Access datetime components from a column (like .str for strings):

df["date"].dt.year          # 2023
df["date"].dt.month         # 3
df["date"].dt.day           # 15
df["date"].dt.hour          # 14
df["date"].dt.dayofweek     # 2 (Mon=0, Sun=6)
df["date"].dt.day_name()    # "Wednesday"
df["date"].dt.month_name()  # "March"
df["date"].dt.quarter       # 1
df["date"].dt.dayofyear     # 74
df["date"].dt.is_leap_year  # False
df["date"].dt.date          # date only (no time)
df["date"].dt.time          # time only (no date)

Formatting output:

df["date"].dt.strftime("%B %Y")  # "March 2023"

Date Arithmetic

Operation Code Result Type
Subtract two dates date2 - date1 Timedelta
Get days from Timedelta td.days int
Add days date + pd.Timedelta(days=7) Timestamp
Add calendar months date + pd.DateOffset(months=1) Timestamp
Add business days date + pd.offsets.BDay(5) Timestamp

Key distinction: - Timedelta(days=30) = exactly 30 days (calendar-unaware) - DateOffset(months=1) = one calendar month (handles varying month lengths)


Resampling Quick Reference

Frequency aliases:

Alias Meaning
"D" Calendar day
"B" Business day (Mon-Fri)
"W" Weekly (default: Sunday)
"W-MON" Weekly, anchored to Monday
"MS" Month start
"ME" Month end
"QS" Quarter start
"QE" Quarter end
"YS" Year start
"YE" Year end
"h" Hourly
"min" Minutely

Common resampling patterns:

# Daily -> Weekly total
series.resample("W").sum()

# Daily -> Monthly average
series.resample("ME").mean()

# Hourly -> Daily max
series.resample("D").max()

# Multiple aggregations at once
series.resample("ME").agg(["mean", "min", "max", "std"])

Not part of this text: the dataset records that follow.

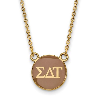 Black Bow Jewelry 14k Yellow Gold Plated Sterling Silver Sigma Delta Tau Greek Life Full Enameled Letters Small Disc Necklace 18 Inch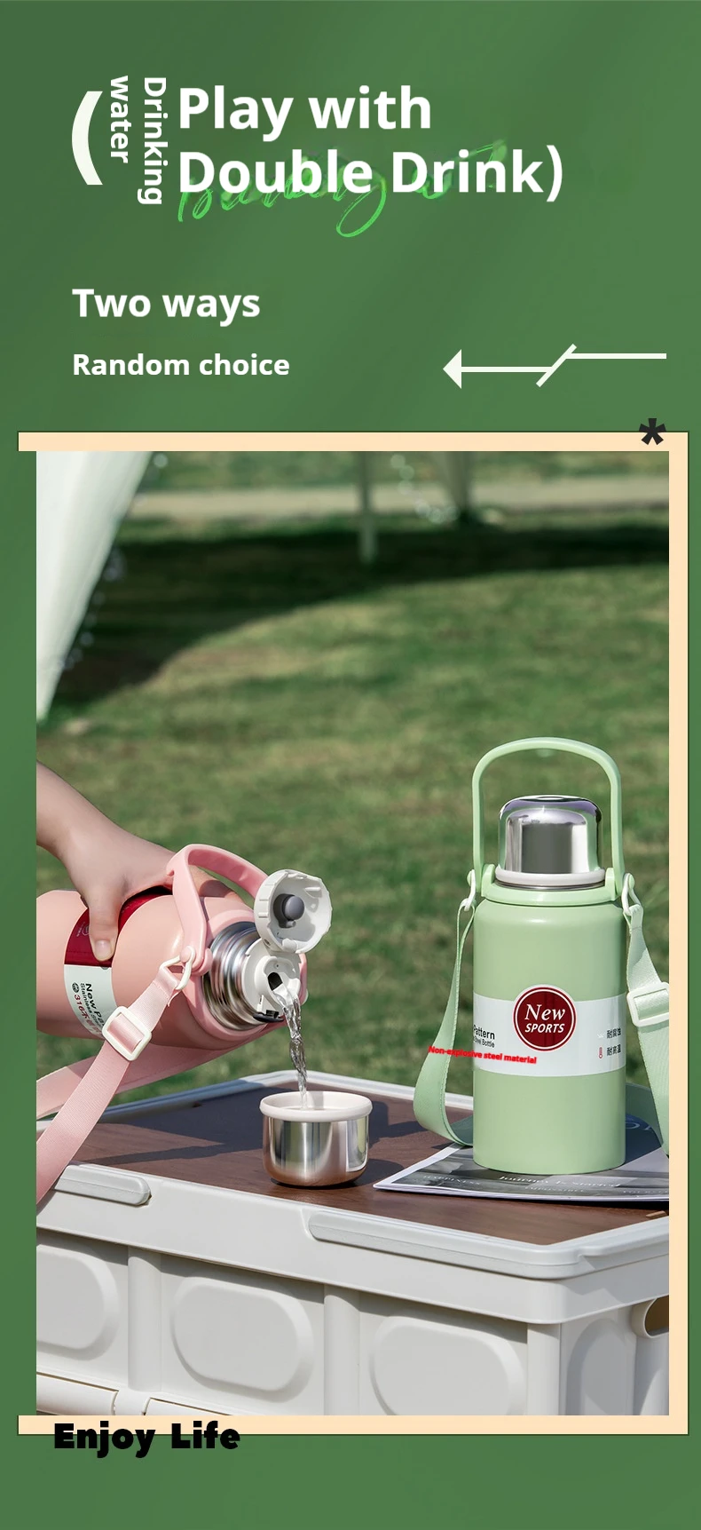 1. Drink freely, keep cool and warm for 12H, large capacity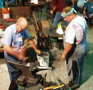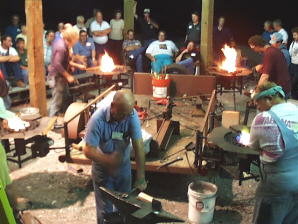Second Heat Doug Merkel in front with Tom Clark as fireman. Left rear is Mark Linn with his son Mike as fireman. Off to the left is Tal Harris with his wife Kim as fireman. After the second heat Big Bob counted the nails and added points for various things and declared a three way tie between Tom Clark, Doug Merkle and Tal Harris. On my suggestion all the contestants used Tom's anvil (and fuel) for the remach to prevent any claims of unfairness. |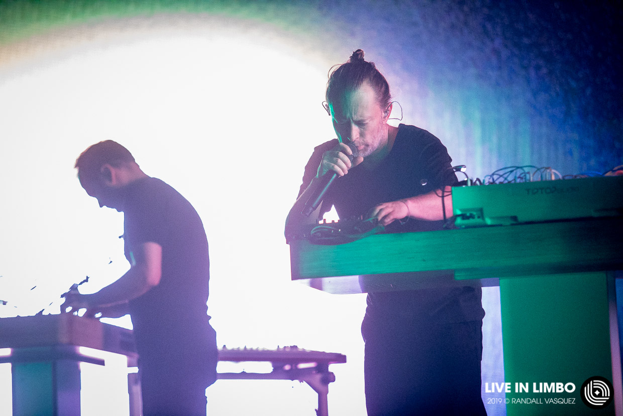 Almost like an apparition, Thom Yorke appears on stage accompanied by long-time album producer and collaborator Nigel Godrich and visual collaborator Tarik Barri. He walks to the front of the stage, bows to the crowd, and takes a seat at his keyboard to begin.
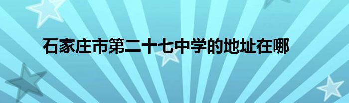 大家好,很多人在詢問石家莊市第二十七中學的地址在哪,下面小編給大家整理出來分享給大家。

Choosing the right aggregation:

If you want... Use... Example
Total over the period .sum() Total monthly revenue
Typical value .mean() Average daily temperature
Extreme value .max() / .min() Hottest day of the month
Number of observations .count() Days with data this month
Last value of the period .last() Month-end stock price

Rolling Windows Guide

# Basic 7-day rolling average
series.rolling(7).mean()

# Start computing before full window is available
series.rolling(7, min_periods=1).mean()

# Centered window (for historical analysis)
series.rolling(7, center=True).mean()

# Other rolling statistics
series.rolling(7).std()     # volatility
series.rolling(7).min()     # local minimum
series.rolling(7).max()     # local maximum
series.rolling(7).median()  # robust average
series.rolling(7).sum()     # running total over window

Window size guidelines:

Window Best for
3-day Very responsive, still noisy
7-day Standard for daily data (removes day-of-week effect)
14-day Smooths out biweekly patterns
30-day Monthly trend, very smooth
90-day Quarterly trend

Expanding Windows

# Cumulative mean (running average)
series.expanding().mean()

# Cumulative sum (running total)
series.expanding().sum()

# Cumulative max (running high)
series.expanding().max()

Rolling vs. Expanding: - Rolling = fixed window, moves through data (recent trend) - Expanding = window grows from start to current point (all-time statistic)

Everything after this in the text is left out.